**Exercise objective:** Leave out the pictures, and retype only the lines from the beginning of the material through the line that contains "5番 稲葉 一ゴ 1-0からの外角低めのフォークを引っ掛けさせると、ボテボテの打球をファーストが正面で落ち着いてさばいた。", including both.
★ ★ ★ ★ ★ ★ ★
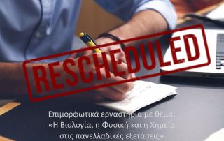 Με βάση τις επίσημες οδηγίες για την πρόληψη της εξάπλωσης του κορονοϊού, σας ενημερώνουμε ότι τα επιμορφωτικά εργαστήρια για καθηγητές ΠΕ04 αναβάλλονται. Θα ενημερωθείτε με επόμενη ανακοίνωση για τη νέα ημερομηνία διεξαγωγής.
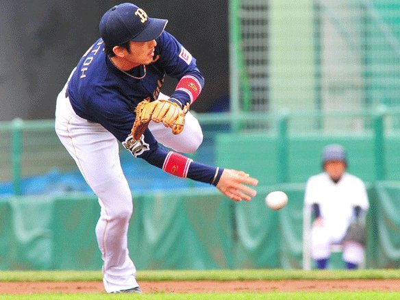 5番 稲葉 一ゴ 1-0からの外角低めのフォークを引っ掛けさせると、ボテボテの打球をファーストが正面で落ち着いてさばいた。 |
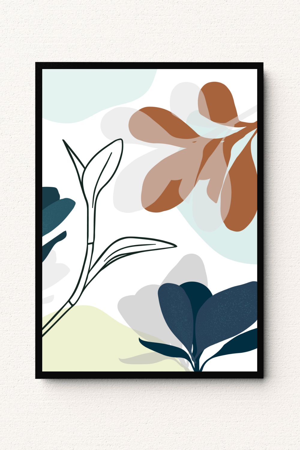 Imagine bringing the gentle tranquility of nature into your home with a piece that feels both contemporary and timeless. The Pastel Flora Wall Art is an enchanting botanical print that blends delicate line art with soft, overlapping translucent shapes. A fine black line-drawn stem is complemented by filled-in leaves in a calming palette of dusty blue, soft terracotta, and pale green, creating a layered, dimensional effect. This abstract botanical decor is the perfect way to add a touch of modern sophistication and serene color to your boho living room or minimalist bedroom. Elevate your space with this beautiful, ethereal wall art.
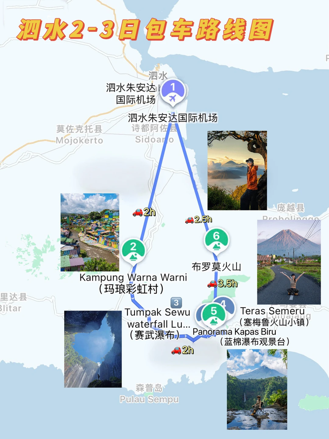 6️⃣从泗水机场出发,沿途可顺路打卡玛琅彩虹村
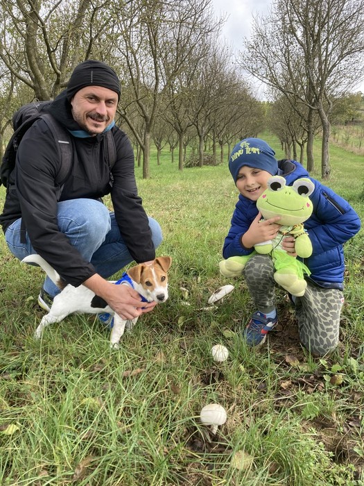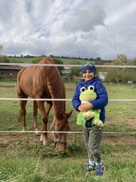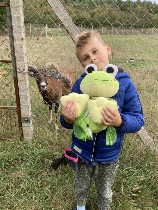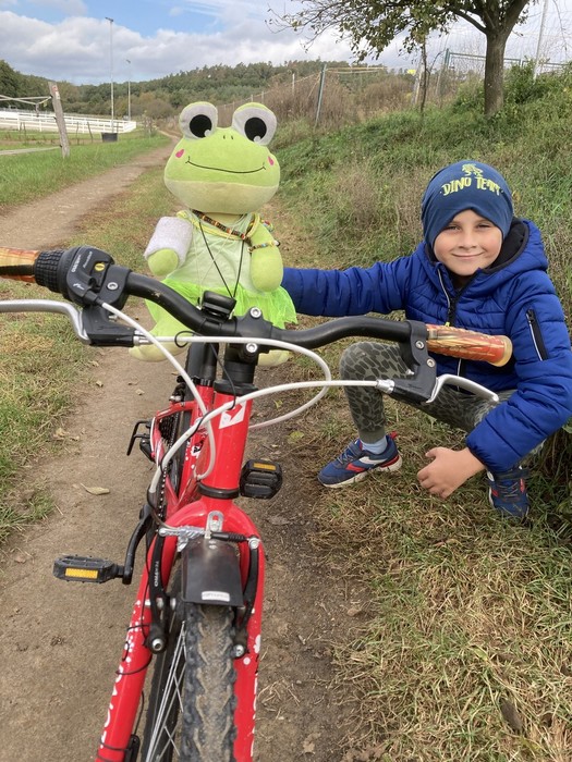 Tentokrát žabka Evelínka trávila víkend na Modré u Matouška. Počasí bylo velmi vlídné a tak trávili společný čas hlavně v přírodě. Společně se vydali na projížďku na kole a vyrazili směrem ke hrázi. V bývalém zemědělském družstvu nyní chovají koně, kteří jsou k vidění na tamních pastvinách. Dokonce v těsné blízkosti výběhu objevili několik žampionů.
★ ★ ★ ★ ★ ★ ★
**Result of the task:**
 Με βάση τις επίσημες οδηγίες για την πρόληψη της εξάπλωσης του κορονοϊού, σας ενημερώνουμε ότι τα επιμορφωτικά εργαστήρια για καθηγητές ΠΕ04 αναβάλλονται. Θα ενημερωθείτε με επόμενη ανακοίνωση για τη νέα ημερομηνία διεξαγωγής.
 5番 稲葉 一ゴ 1-0からの外角低めのフォークを引っ掛けさせると、ボテボテの打球をファーストが正面で落ち着いてさばいた。 |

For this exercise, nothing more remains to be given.